• What you need to do
Only the lines of the data below from the one with "De 2e verdieping" through the one with "Chocolate brown floral" are wanted. Repeat them exactly.

• Exercise material
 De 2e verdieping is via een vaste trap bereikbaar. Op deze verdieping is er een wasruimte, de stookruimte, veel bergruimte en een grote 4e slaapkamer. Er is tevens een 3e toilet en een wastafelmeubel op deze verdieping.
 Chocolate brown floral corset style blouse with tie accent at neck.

---

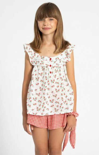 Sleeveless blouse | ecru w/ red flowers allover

• Solution
 De 2e verdieping is via een vaste trap bereikbaar. Op deze verdieping is er een wasruimte, de stookruimte, veel bergruimte en een grote 4e slaapkamer. Er is tevens een 3e toilet en een wastafelmeubel op deze verdieping.
 Chocolate brown floral corset style blouse with tie accent at neck.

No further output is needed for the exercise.